The Guide to Unifying GRC and Access Governance for Business Efficiency

13 Jun

Governance, risk, and compliance (GRC) programs are designed to protect the company, its stakeholders, and its reputation by ensuring compliance with laws and regulations, mitigating risks, promoting ethical behavior, and enhancing operational efficiency. Companies can adopt a solid governance framework for sustainable and responsible growth by adopting GRC programs.

However, governance frameworks (SOX, EURO-SOX, BASEL II) primarily address business processes and risk management, with little recognition of the underlying IT and IT risk management processes. These areas are often approached separately, creating silos in the organization.

Implementing and executing governance frameworks in silos reduces the quality of mitigation because risks are managed in isolation. The first step to address this issue is integrating GRC and access governance processes.
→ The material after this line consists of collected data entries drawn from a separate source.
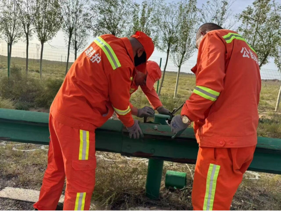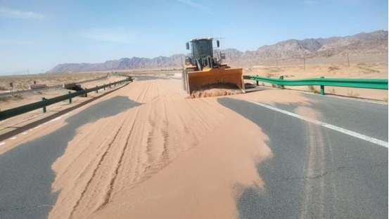针对秋季风沙天气频发,部分路段易出现积沙现象,以“大风后必清”的原则,配备装载机等设备,采用机械为主、人工为辅的方式,快速清理路面积沙并规范堆放到路侧安全区域,防止二次堆积,清理积沙积土24.98万立方米,保障通行安全。同时通过在公路两侧设置沙障、在易积沙区域种植梭梭、在孟根等重点路段进行草方格压沙2.37万亩等方式,切实做好“以路治沙”工作。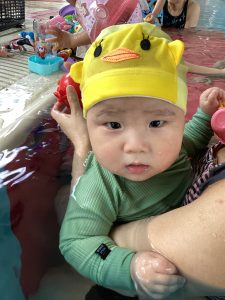 初めてのダッシュでも全く泣かず、日に日にお水の中を楽しんでくれています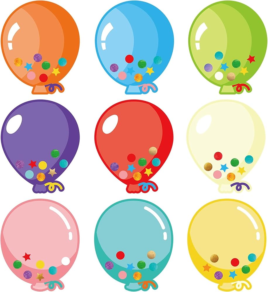 Classroom decoration: assorted shapes and colors balloons cut-outs add a unique style to displays and doors, dress-up your classroom, create awards, decorate for theme parties and back to school party, and more; Balloon cut-outs are suitable for any learning environment; From parties to classrooms, use versatile accents at-home or in the classroom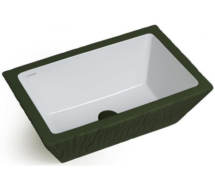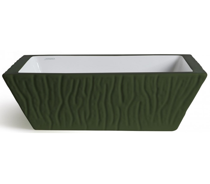 Håndvask i et moderne design, fremstillet med inderside i hvid keramik og med yderside og bundventil i mat engelsk grøn keramik. En smuk håndvask fra italienske Horganica, fremstillet i hånden og med bundventil i samme farve som vaskens yderside.

Integration of GRC and access governance facilitates the identification of corresponding identity data, roles, and information flows between the various risk management processes.

Defining GRC and Access Governance

GRC is much broader than most realize. GRC is about how the various segments converge to help an organization act efficiently and ethically when coupled with access governance.

  • What is Governance: the system of control that ensures an organization performs well and delivers its strategy. It provides the framework of accountability and oversight to ensure that activity is well managed.
  • What is Risk management: risk management identifies and manages potential problems (and opportunities) to make achieving objectives more likely. The key to effective risk management is to be proactive by looking forward to identify potential issues.
  • What is Compliance: adherence to the regulations, policies, and contractual obligations.
  • What is Access governance: Access Governance, also known as Identity Governance or Identity Governance and Administration (IGA), refers to policies, processes, and tools used to control unnecessary or excessive user permissions and enforce appropriate access to sensitive data and digital assets. Ensuring users only have access to data necessary for their role within your organization (a concept also known as Zero-trust), which mitigates the risk of cyberattacks that exploit excess privileges and helps organizations meet increasingly strict compliance standards for privacy and data protection, such as GDPR, ISO 27001, and the NIST Cybersecurity Framework.

Access governance is not the same as Access Management. Access Management is about identity management or Active Directory, where you put someone in the network when they start at your organization, give them some privileges, and they have access. Access governance defines security processes and policies for the enterprise’s data management.

Challenges that businesses are facing today in GRC and access governance

Accessing information is important for your organization as you move to digital business platforms, whether an ERP, CRM, on-prem, or in the cloud. Access governance has become a key opportunity and challenge for organizations.

Integration and interoperability

Organizations’ most significant challenge in meeting GRC and access governance objectives is integrating systems and point solutions where identity and access data are stored. For example, you may use Okta or Azure to manage your user identities, an ITSM like ServiceNow to grant access, and your HCM for timesheets and expenses. The difficulty in connecting these stores of user identity data requires an identity hub that can define the identity and privileges for access across all environments, detailing how users request access, how user access gets fulfilled, and ultimately approved and provisioned.

“Granting too little access can reduce productivity and create bottlenecks. Give too much access and you risk fraud and cybersecurity threats” – Adil Khan, CEO of SafePaas.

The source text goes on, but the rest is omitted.